269

Allah, hikmeti dilediğine verir. Kime de hikmet verilirse ona çok hayır verilmiş olur. Bundan ancak akıl sahipleri ibret alır.

Allah, hikmeti yani anlayışı, sözünde isabetli olmayı, işi yerli yerince yapmayı kullarından dilediğine verir. Kime de hikmet verirse, yani kime de anlayışı, söz ve davranışlarında isabetli olma kabiliyetini verirse şüphesiz ki o kimseye çokça hayır verilmiş olur. Bunları ancak akıl sahipleri düşünüp öğüt alırlar.

Müfessirler, âyette zikredilen hikmetten neyin kastedildiği hususunda farklı görüşler zikretmişlerdir: .

a- Abdullah b. Abbas, Katade, Abul Âliye ve Mücahidden nakledilen bir görüşe göre bu âyette zikredilen "Hikmef'ten maksat, Kur'andır ve Kur’an’ı anlainaktır. Bu hususta Abdullah b. Abbasın şunları söylediği rivâyet edilmektedir. Âyetteki "Hikmef'ten maksat, Kur’an’ın nâsihini, mensuhunu muhkemini, müteşabihini, mukaddemini, muahharını, helalini, haramını ve misallerini anlamak ve bilmektir.

b- Mücahitten nakledilen diğer bir görüşe göre burada zikredilen Hikmetten maksat, sözde ve işte isabetli olmaktır.

c- İbn-i Zeyde göre, burada zikredilen hikmetten maksat, dini anlamak ve ona uymaktır.

d- İbrahim en-Nehaiye göre hikmet'ten maksat, anlayışlı olmakür.

e- Rebi' b. Enese göre bundan maksat, Allah’tan korkmadır.
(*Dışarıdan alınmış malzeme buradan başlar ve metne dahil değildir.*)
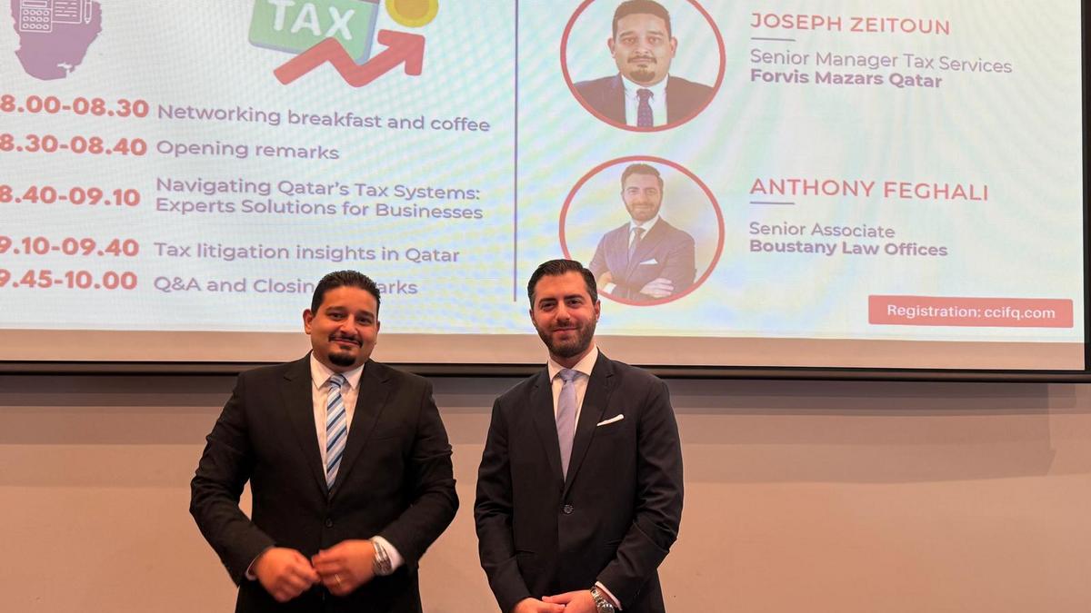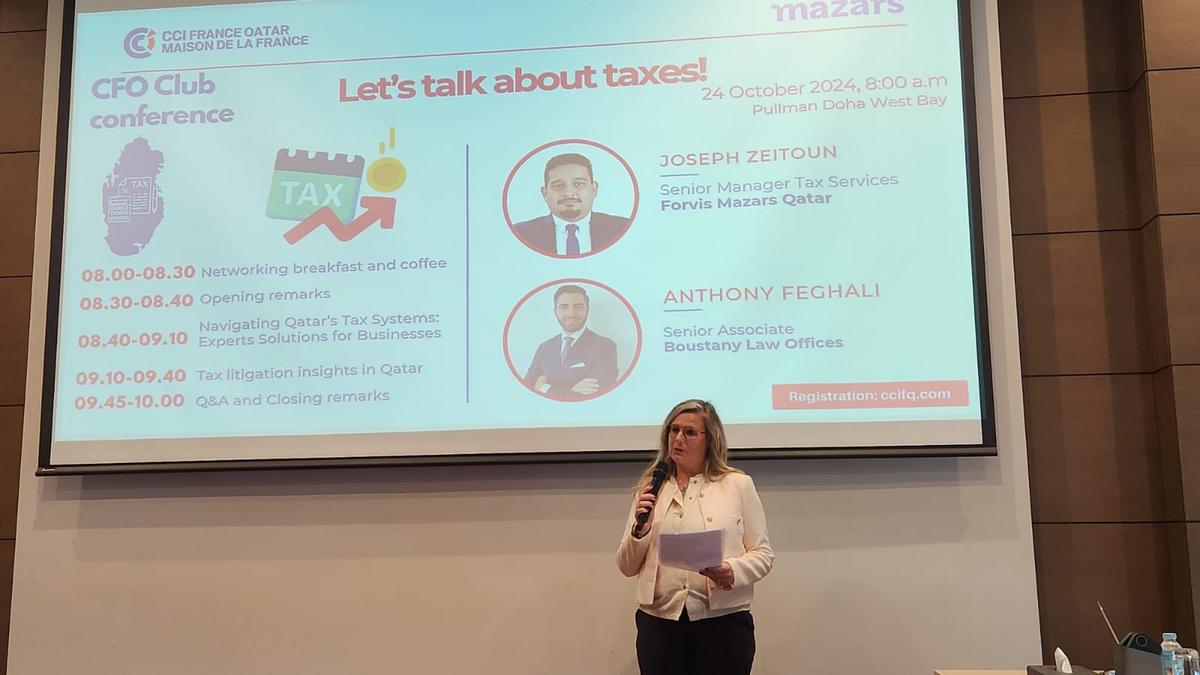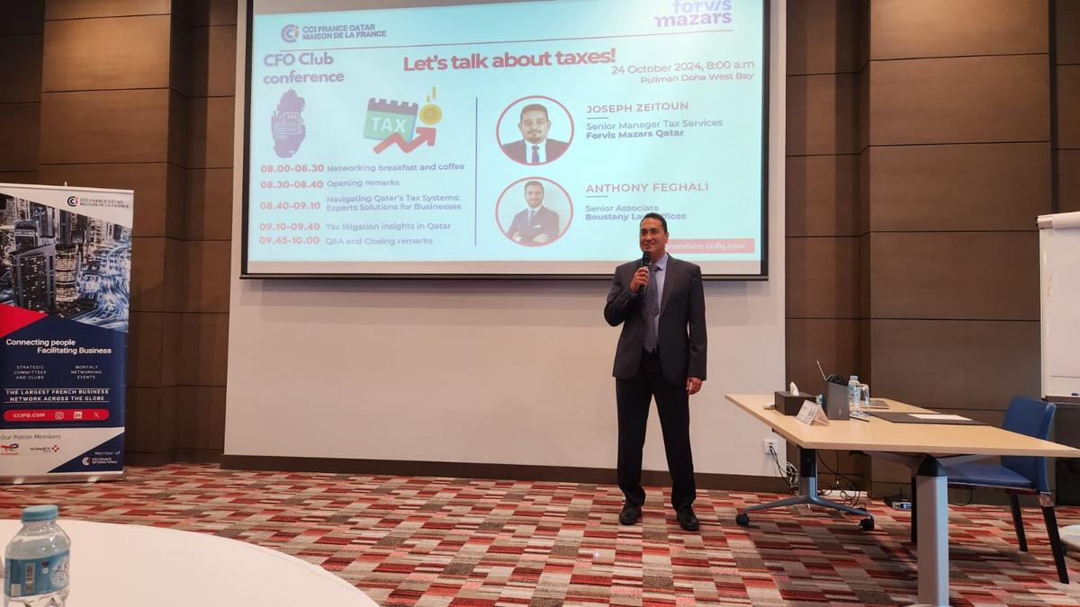Joseph Zeitoun, Senior Manager of Tax Services chez Forvis Mazars, a présenté les systèmes fiscaux du Qatar, tout en offrant une feuille de route pour une gestion optimale de ces systèmes.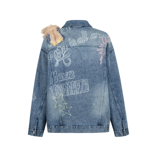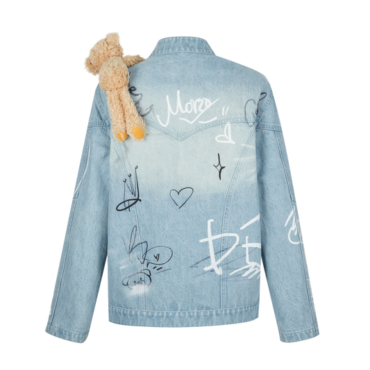 13DE MARZO Graffiti Bear Racing Denim Jacket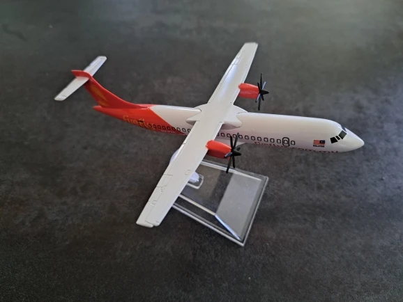 Firefly ATR 72-600 in 1:400 scale diecast model, made from durable metal with detailed propellers, wings and the airline’s orange-and-white design. A bright and solid model for collectors and aviation fans.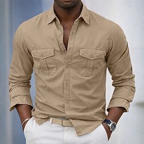 Pánské Košile Letní košile Košile pro volný čas Plážová košile Košile na knoflíky Černá Bílá Nebeská modř Khaki Šedá Dlouhý rukáv Bez vzoru Klopa Dovolená Havajské Kapsy Oblečení 100% bavlna Módní Na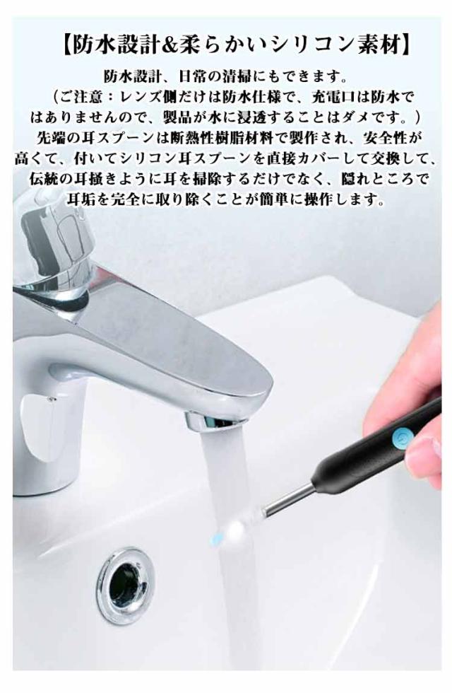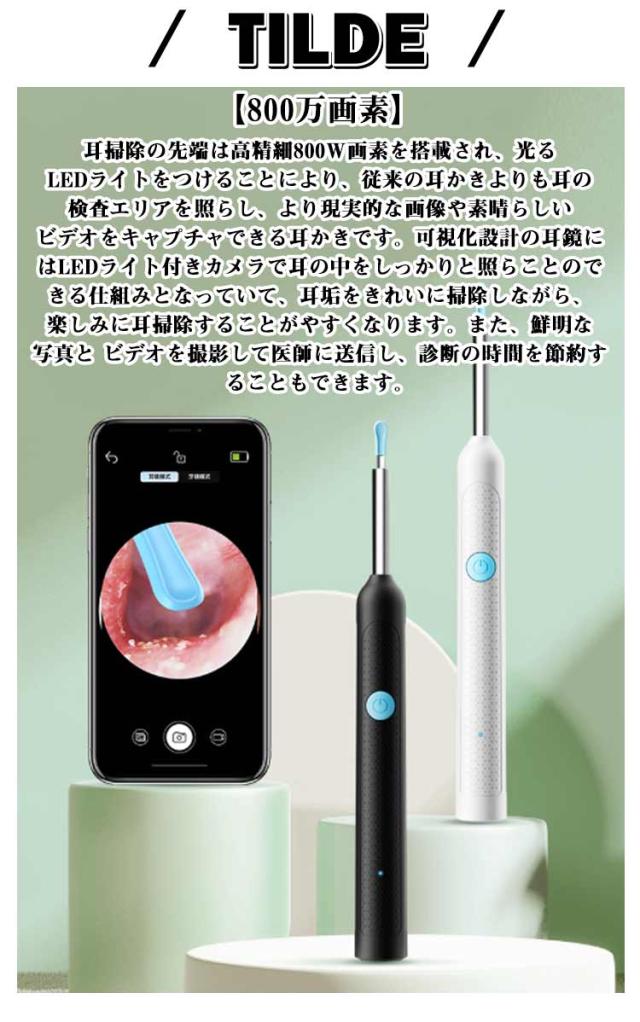 | 【カメラ付き耳かき】 【10点セット】 【防水設計&柔らかいシリコン素材】防水設計、日常の清掃にもできます。(ご注意:レンズ側だけは防水仕様で、充電口は防水ではありませんので、製品が水に浸透することはダメです。)先端の耳スプーンは断熱性樹脂材料で製作され、安全性が高くて、付いてシリコン耳スプーンを直接カバーして交換して、伝統の耳掻きように耳を掃除するだけでなく、隠れところで耳垢を完全に取り除くことが簡単に操作します。 【視覚化された耳かき&無線WIFI接続】最新アップグレード設計でWIFI発信機、ワイヤレス、カメラレンズを一体化にして、携帯電話とWIFIに繋がるだけで使用できます。Appをダウンロードして、ワイヤレスでWiFiに接続するだけで、耳の状況を簡単にチェックし、操作がより簡単に安全で耳かきをして、いつでも耳を掃除する楽しさを楽しみください。耳かきカメラは耳の掃除だけではない、内視鏡として耳の検査や鼻、口、喉、頭皮などの日常検査にも便利に使います。(ペットにもご利用可能です) 【800万画素】耳掃除の先端は高精細800W画素を搭載され、光るLEDライトをつけることにより、従来の耳かきよりも耳の検査エリアを照らし、より現実的な画像や素晴らしいビデオをキャプチャできる耳かきです。可視化設計の耳鏡にはLEDライト付きカメラで耳の中をしっかりと照らことのできる仕組みとなっていて、耳垢をきれいに掃除しながら、楽しみに耳掃除することがやすくなります。また、鮮明な写真と ビデオを撮影して医師に送信し、診断の時間を節約することもできます。 【Type-C充電&全機種対応を実現する&鏡効果】Type-C充電、充電式電池が内蔵されております。充電が速くて、使用時間が長くなります。Android&iOS に適用、スマホ&タブレット対応です。 【極細レンズ】レンズの内径はわずか3.5mmで、耳の奥で届けない隅や狭いところにもご利用できます。 | |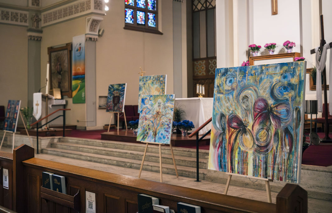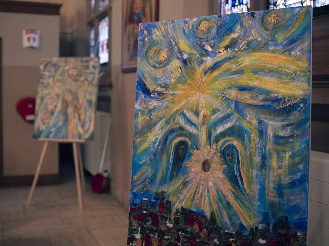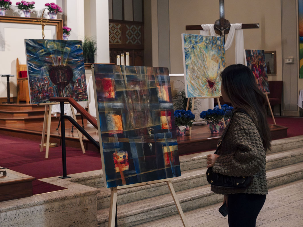 On Tuesday, May 6, the parish hosted an evening on art and faith entitled SACRED heART. This event was co-sponsored by the parish and the Office of Catholic Youth. At the event, Dr. Christina Labriola gave a talk on the relationship between faith and art and artist Anna Mancini shared her paintings. Beautiful music was provided by the group “Ensemble Ex nihilo.” There was a great turnout. Thank you to all who contributed.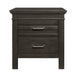 The transitional styling of the Blaire Farm Collection serves as the perfect complement to the rustic aesthetic that inspired the design. The okume veneer is enhanced by the charcoal gray finish that covers the nightstand. Fixed handle pull hardware fronts the drawers while horizontal accent on the top drawer lends visual contrast. 24 x 16 x 25H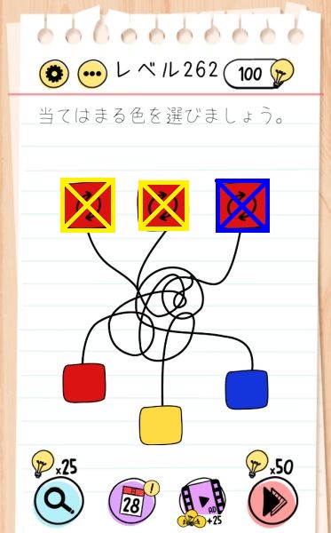 - 上の矢印をタップし、左から黄色・黄色・青に色を変える

Çünkü her şeyin başı Allah’tan korkmaktır. Ve Allahü teâlâ: "Kullan içinde Allah’tan hakkıyla korkanlar ancak âlim kullardır. Fâtır sûresi, 35/28 buyurmuştur.

f- Süddiye göre ise buradaki "Hikmef'ten maksat, Peygamberliktir.

Taberi diyor ki: "Aslında hikmetten maksat, davranışlarda isabetli olmaktır. Davranışlarında isabetli olan, bilinmesi icabedeni bilendir, Allah’tan korkandır. Fakihtir, âlimdir. Peygamberler de böyledir. Bu itibarla hikmeti, isabetli olma anlamında almak, bu görüşlerin hepsini kapsamaktadır.